By Jane Clarke

September 04, 2019

Sugar provides calories – 4 per gram – but they are empty calories, since sugar doesn’t contain any other nutrients. Too much sugar isn’t good for us, as it causes dental decay, may be a factor in the development of heart disease, it is linked to certain cancers and is suspected of having a bearing on low IQ. A diet high in sugar can also be a factor in promoting insulin resistance (insulin is the hormone that regulates blood sugar levels). This can mean that, over time, the effect that insulin has on the body is weakened, so that more and more insulin is needed to clear the body of unwanted sugars. Eventually this can lead to diabetes, and is one of the factors in the increasingly common adult condition called Syndrome X, a combination of diabetes, high blood pressure and obesity.

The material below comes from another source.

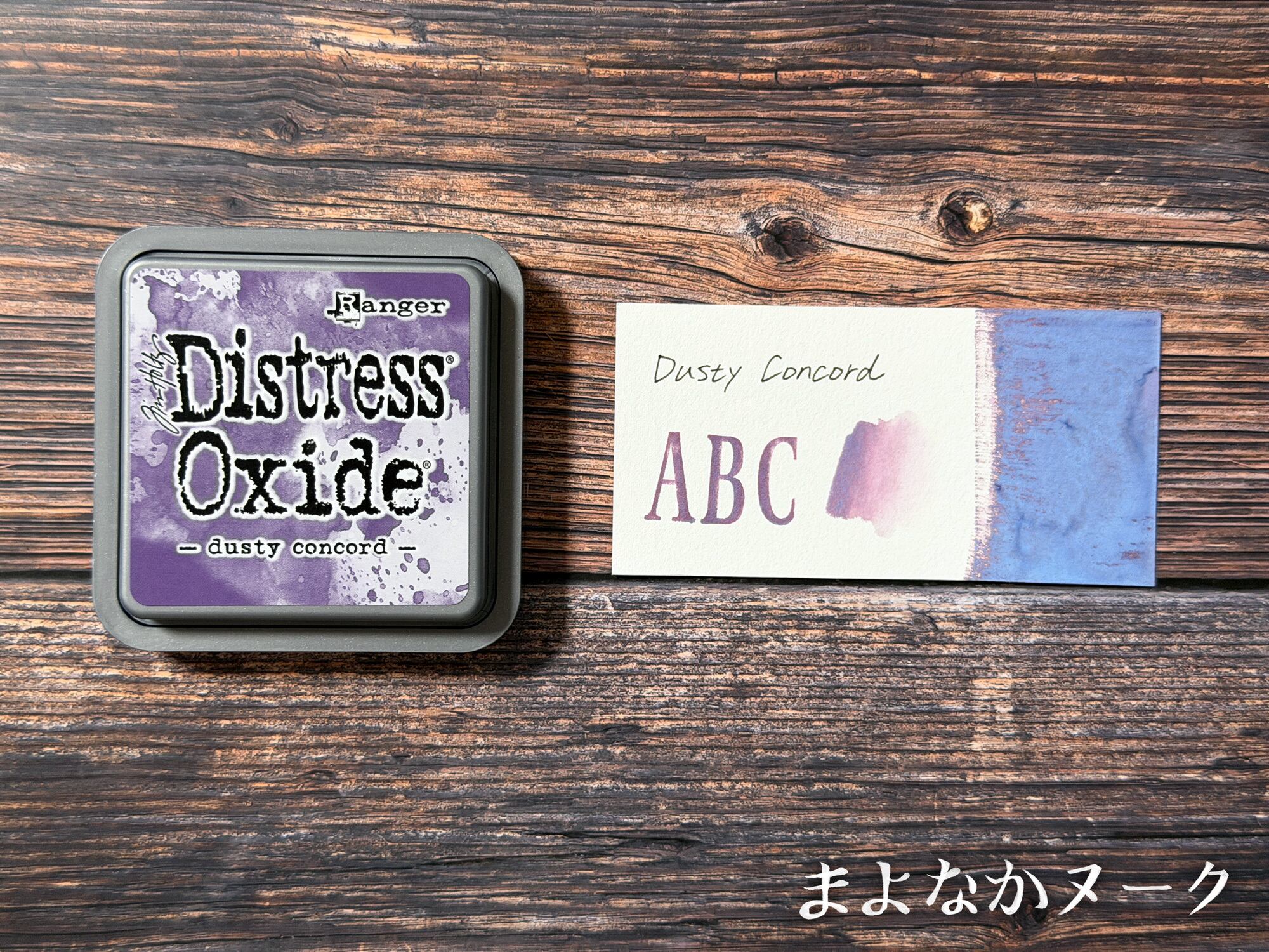ディストレスオキサイドは、染料と顔料が混合された水性のインクです。スプレーなどで水を吹きかけると、独特の酸化したような効果を生み出します。ディストレスインクと比べると、ややクリーミーな色合いが特徴です。また、顔料が入っているため、濃い色の紙の上でもインクの色がしっかりと表れます。こちらの色は「Dusty Concord」です。

GI is a ranking of foods from 0 to 100 according to how quickly each food will raise blood sugar levels (factors such as fibre, fat and protein content influence how quickly they are absorbed into the body).

High GI foods:

Honey; sugar of all sorts; chocolate; sweet still and fizzy drinks, bananas, watermelons, figs, dried dates and raisins; mashed potatoes, cooked carrots, squashes, parsnips and swedes; white and wholemeal bread; rye-based crispbreads; couscous, rice cakes and wholegrain cereals (including bran flakes); popcorn.

Medium GI foods:

Grapes, oranges, fresh dates, mangoes and kiwi fruits; raw carrots, sweetcorn, peas and potatoes (apart from mashed); white and wholegrain pasta; porridge and oatmeal; wholegrain rye bread (including pumpernickel); brown and white rice.

Low GI foods:

Apples, pears, peaches, grapefruits, plums, cherries and dried apricots; avocados; green, leafy vegetables and most other vegetables (but see above); lentils and beans; soya products.

Should I cut out sugar from my diet?

Of course we need some carbohydrate (and that's what sugar is) because it is an essential energy source – but refined, processed sugar just isn’t necessary in our diet. For thousands of years of human evolution we didn't have any sugar, and physiologically we haven't changed from the cavemen and women so we shouldn't need it now.

There are lots of flavourings that you can use to add sweetness to foods – coconut shavings, almond milk, dried fruits, star anise, to name a few. If you want to cut back on sugar, you should also look at the glycaemic index (GI) of the foods you eat.